Die Anfänge der spanischen Geschichte reichen weit in die Altsteinzeit unseres Kontinents zurück und können durch Höhlenmalereien, zum Beispiel in Altamira, bis in die Zeit von 11.000 vor Christus belegt werden. Und während sich die Archäologen am Golf von Biskaya und in den westlichen Pyrenäen um die teilweise noch rätselhafte Höhlenmalerei kümmern, können im Süd-Osten neolithische bis frühbronzezeitliche Siedlungen nachgewiesen werden, die eine gewisse Gemeinsamkeit mit prähistorischen Kulturen Afrikas aufweisen.

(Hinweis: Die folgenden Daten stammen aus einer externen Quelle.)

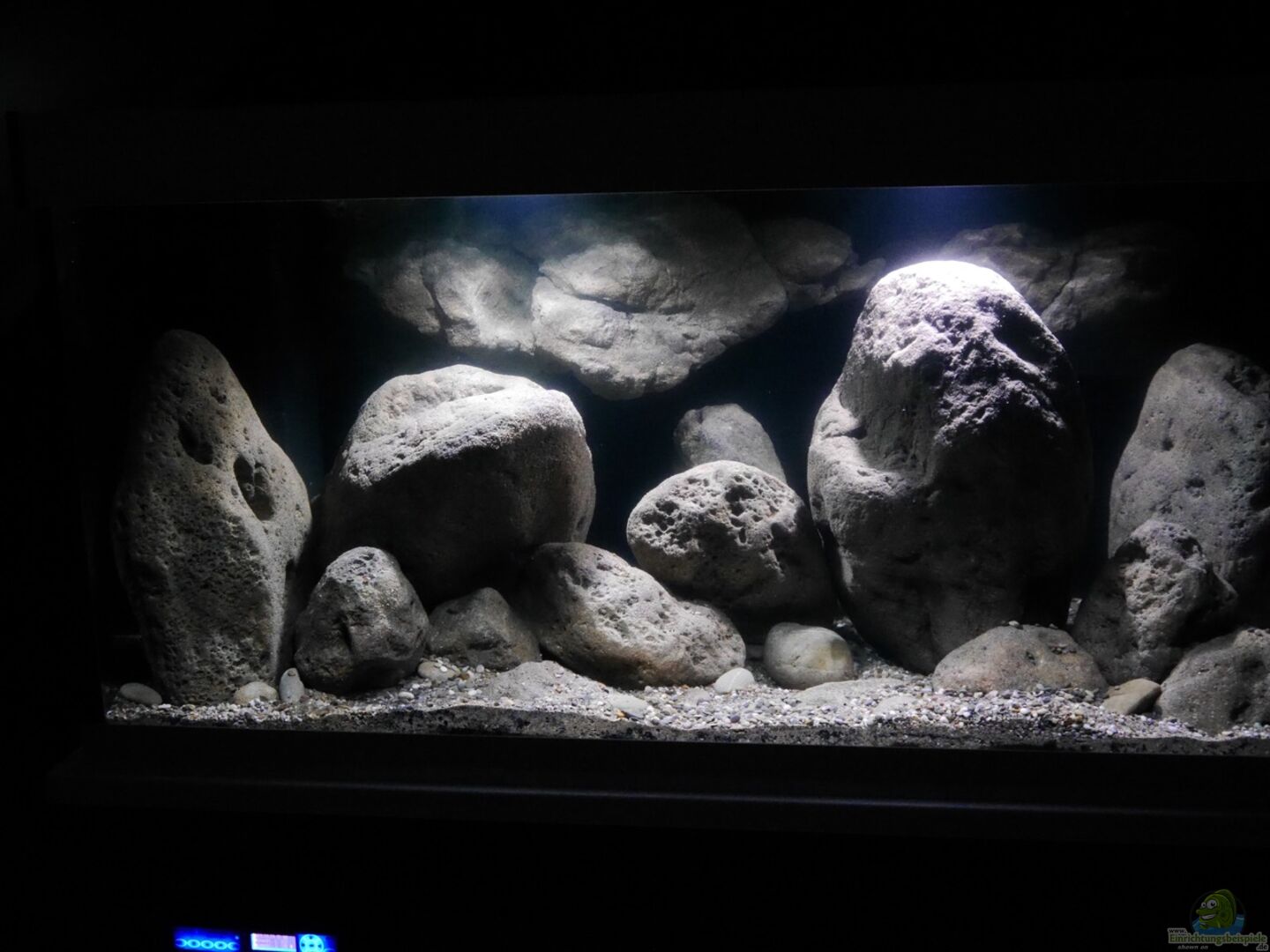 Becken von Brillant-Aquarium, 12mm Glasstärke, eine Querverstrebung, Wulstverklebung und wei??e Kiesblende. Die Abdeckung ist von Aquarienabdeckungen Runge (www.aquarienabdeckungen.com) und verfügt über 3 Klappen sowie 5 Bohrungen auf der Rückseite für Schläuche, Kabel etc. Die Unterkonstruktion ist selbstgebaut auf Stahl. Unter der Stahlkonstruktion befindet sich eine 4cm Küchenarbeitsplatte, ebenso zwischen Becken und Unterbau. Zudem wurde das Becken mit Schwerlastverankerungen [...]

Nach dieser ersten Form der Besiedlung kamen die Iberer auf die Pyrenäenhalbinsel und waren auch gleichzeitig der Namensgeber für diese Region. Im 11. Jahrhundert vor Christus begannen die Phönizier an der Südküste Fuß zu fassen und später folgten dann die Griechen. Im 5. und 4. Jahrhundert vor Christus drängten die Kelten aus Gallien kommend in das Land und verschmolzen nach vielen Kämpfen mit den Iberern zu der neuen Volksgruppe der Keltiberer.
Der Süden und Osten der Iberischen Halbinsel wurden nach dem ersten Punischen Krieg von 237 bis 219 vor Christus von den Karthagern besiedelt, verloren diese Besitzungen aber im zweiten Punischen Krieg von 218 bis 201 vor Christus wieder.
Der Versuch der Römer, das Land unter ihre Kontrolle zu bringen, gelang erst nach 200 jährigen blutigen Kriegen, wobei die Basken im Norden ihre Unabhängigkeit behielten.
Trotz Verfolgungen bekam das Christentum immer mehr Anhänger, breitete sich rasant aus und Kaiser Konstantin machte sie zur vorherrschenden Religion.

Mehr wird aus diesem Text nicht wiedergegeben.